Wow. I came to this website with apprehension. Is this a trick? Am I going to be insulted, threatened with damnation, made fun of? Told I have to believe, or else!? I started getting teary eyed around the fourth apology and was crying by the end. Your apologies are brave, and I forgive you.

I apologize for all the times I feared you when you revealed yourself to be a Christian. I apologize for all the times I rejected your thoughts and opinions just because you are a Christian. I apologize for all the times my beliefs in universal unity wavered. I apologize for all the times my patience gave out.

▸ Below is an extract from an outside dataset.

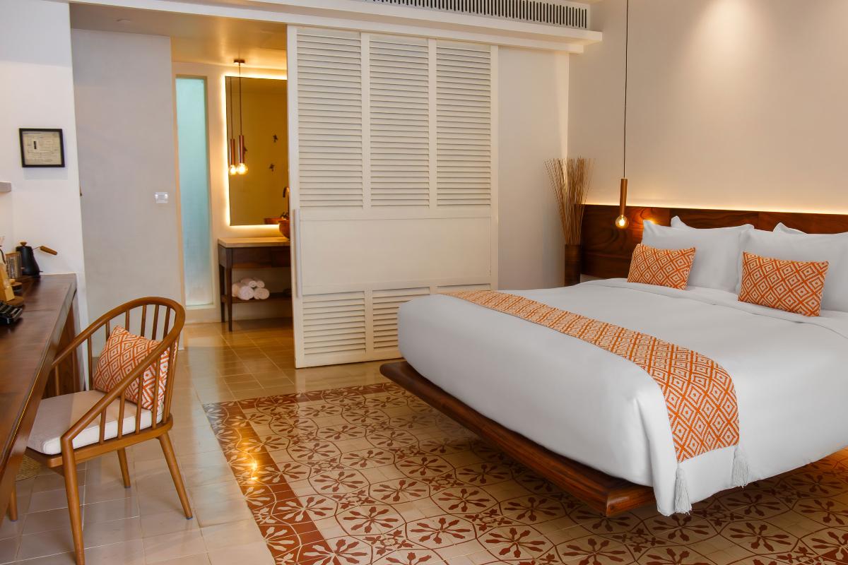 - Colonial Pool Access Room (38 m²) – liczba osób: maks. 2 dorosłych + dziecko, łóżko podwójne, taras z bezpośrednim wyjściem do basenu.

I think we have a lot more to offer one another and a lot more to gain from coming together then we have by staying separated and pulling apart. Hopefully one day we will all come together under the umbrella of love.

--Jennifer

I am not Christian. I am sorry that I rolled my eyes when I saw the name of this site. I am sorry that I judged every Christian on the planet to be the same.

--Anonymous

I am a "recovering" Catholic living in a mid-sized city in the Bible Belt. I'm also a published writer, and I make no bones about my atheism in my writing. My children are both beautiful, smart, funny, kind-hearted kids, but they have very few friends. My husband heard recently from the rumor-mill at work that some of the ladies on our block have said that they don't let their kids play with mine because we don't go to church. I don't mind so much that we don't get invitations to the neighborhood get-togethers. We'd rather stay home, anyway; we enjoy each others' company. But it upsets me greatly that my children are having a lonely childhood because my neighbors are intolerant of religious difference. It hardly seems Christ-like to punish them for our beliefs.

--Wendy

I read through the apologies on this site and unexpectedly started crying my eyes out. I was raised in the church and left a long time ago. There are too many stories to even begin to share here. It amazes me that something that is supposedly all about love and grace can cause so very much wrenching pain and damage....can't even begin to say...

--Anonymous

I have to say that I came here with doubts. But I can leave saying that this is a wonderful website. I used to be Christian, but have since left because of what I felt was intolerance, hatred, and the unwillingness to listen to others who were different in any way. I still feel that there are many Christians out there who are like this, but more and more everyday I meet many who aren't. I feel like they are also getting the crappy end of the stick because the intolerant Christians are shutting them out.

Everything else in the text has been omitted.